▸ PROBLEM REQUIREMENTS:
Exactly the lines from the one containing "Do historii przejdzie" through the one containing "Pagina de wikipedia" in the listing below are to be copied, with the pictures left out.

▸ DATA FOR THIS EXERCISE:
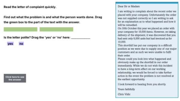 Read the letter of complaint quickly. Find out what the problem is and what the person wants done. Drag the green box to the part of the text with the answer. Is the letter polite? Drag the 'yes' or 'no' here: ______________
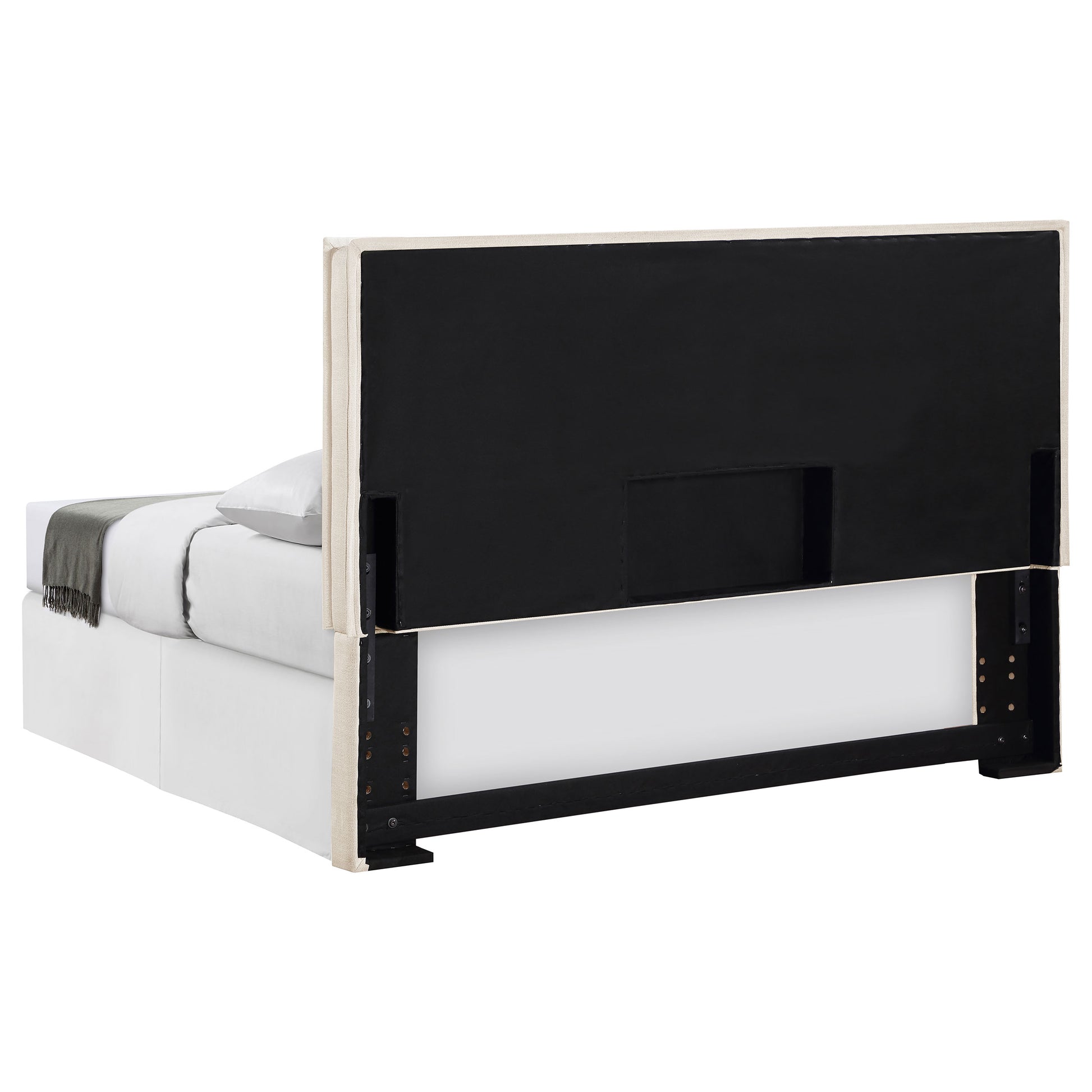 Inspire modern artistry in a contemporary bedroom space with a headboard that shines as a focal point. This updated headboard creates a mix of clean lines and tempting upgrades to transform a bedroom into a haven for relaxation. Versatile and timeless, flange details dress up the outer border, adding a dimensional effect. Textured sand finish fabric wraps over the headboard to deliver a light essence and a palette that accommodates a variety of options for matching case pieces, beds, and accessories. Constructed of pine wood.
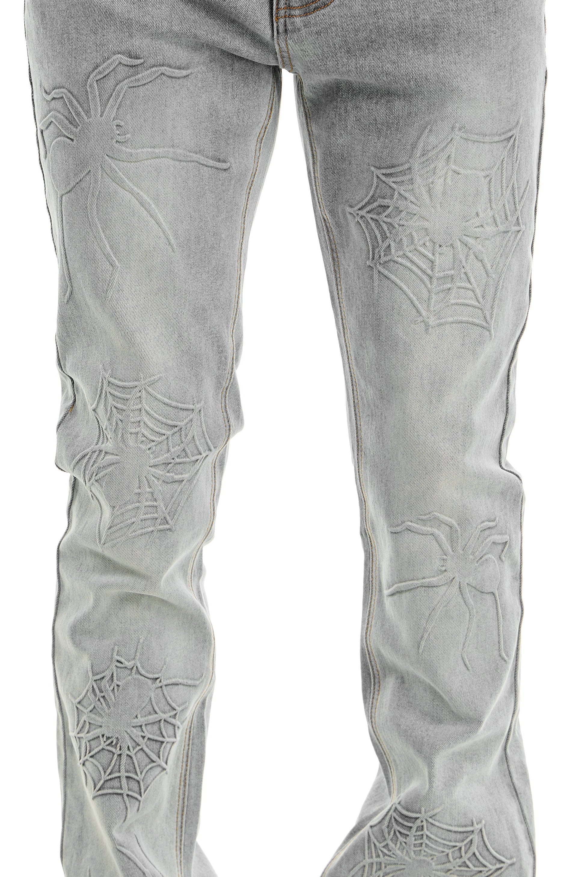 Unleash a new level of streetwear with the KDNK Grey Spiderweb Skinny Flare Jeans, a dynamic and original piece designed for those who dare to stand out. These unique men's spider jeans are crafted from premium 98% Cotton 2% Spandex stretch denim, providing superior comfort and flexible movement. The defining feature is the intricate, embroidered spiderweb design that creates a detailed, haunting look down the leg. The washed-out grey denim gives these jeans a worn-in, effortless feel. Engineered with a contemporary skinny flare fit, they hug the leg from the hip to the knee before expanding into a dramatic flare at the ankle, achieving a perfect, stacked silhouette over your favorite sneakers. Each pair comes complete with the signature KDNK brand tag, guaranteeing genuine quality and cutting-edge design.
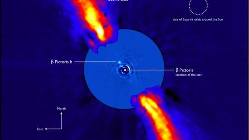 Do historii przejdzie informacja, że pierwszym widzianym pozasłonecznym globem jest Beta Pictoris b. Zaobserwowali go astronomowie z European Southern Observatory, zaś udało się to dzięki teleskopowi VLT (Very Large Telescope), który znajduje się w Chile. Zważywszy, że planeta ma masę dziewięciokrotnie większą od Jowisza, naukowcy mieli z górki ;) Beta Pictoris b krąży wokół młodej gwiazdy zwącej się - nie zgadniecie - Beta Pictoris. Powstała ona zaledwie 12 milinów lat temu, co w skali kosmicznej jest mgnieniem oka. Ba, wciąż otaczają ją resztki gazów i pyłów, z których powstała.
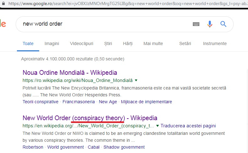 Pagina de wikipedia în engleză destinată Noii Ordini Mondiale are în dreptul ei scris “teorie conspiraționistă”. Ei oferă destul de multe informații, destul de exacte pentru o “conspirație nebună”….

...

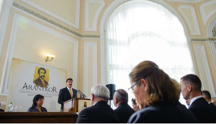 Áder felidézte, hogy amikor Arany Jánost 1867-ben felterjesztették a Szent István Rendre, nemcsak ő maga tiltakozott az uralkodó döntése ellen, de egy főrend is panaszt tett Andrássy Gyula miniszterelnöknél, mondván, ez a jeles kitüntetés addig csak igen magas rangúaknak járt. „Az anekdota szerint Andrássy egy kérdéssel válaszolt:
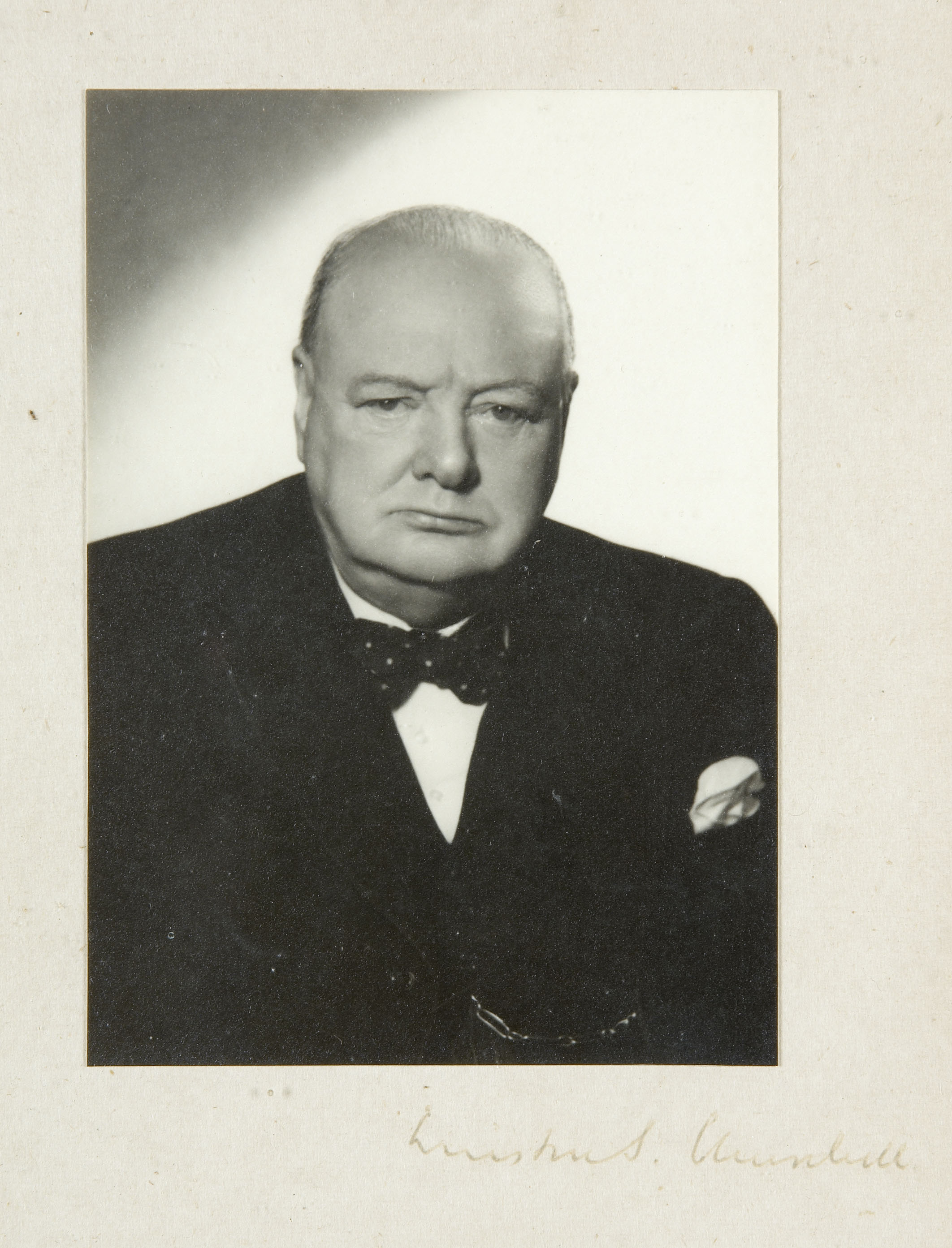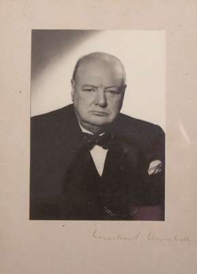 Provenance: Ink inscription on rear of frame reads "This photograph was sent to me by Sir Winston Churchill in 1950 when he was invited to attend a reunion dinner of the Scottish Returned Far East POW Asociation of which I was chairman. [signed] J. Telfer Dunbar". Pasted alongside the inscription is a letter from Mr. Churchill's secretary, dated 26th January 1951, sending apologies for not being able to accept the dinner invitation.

▸ RESPONSE TO THIS TASK:
 Do historii przejdzie informacja, że pierwszym widzianym pozasłonecznym globem jest Beta Pictoris b. Zaobserwowali go astronomowie z European Southern Observatory, zaś udało się to dzięki teleskopowi VLT (Very Large Telescope), który znajduje się w Chile. Zważywszy, że planeta ma masę dziewięciokrotnie większą od Jowisza, naukowcy mieli z górki ;) Beta Pictoris b krąży wokół młodej gwiazdy zwącej się - nie zgadniecie - Beta Pictoris. Powstała ona zaledwie 12 milinów lat temu, co w skali kosmicznej jest mgnieniem oka. Ba, wciąż otaczają ją resztki gazów i pyłów, z których powstała.
 Pagina de wikipedia în engleză destinată Noii Ordini Mondiale are în dreptul ei scris “teorie conspiraționistă”. Ei oferă destul de multe informații, destul de exacte pentru o “conspirație nebună”….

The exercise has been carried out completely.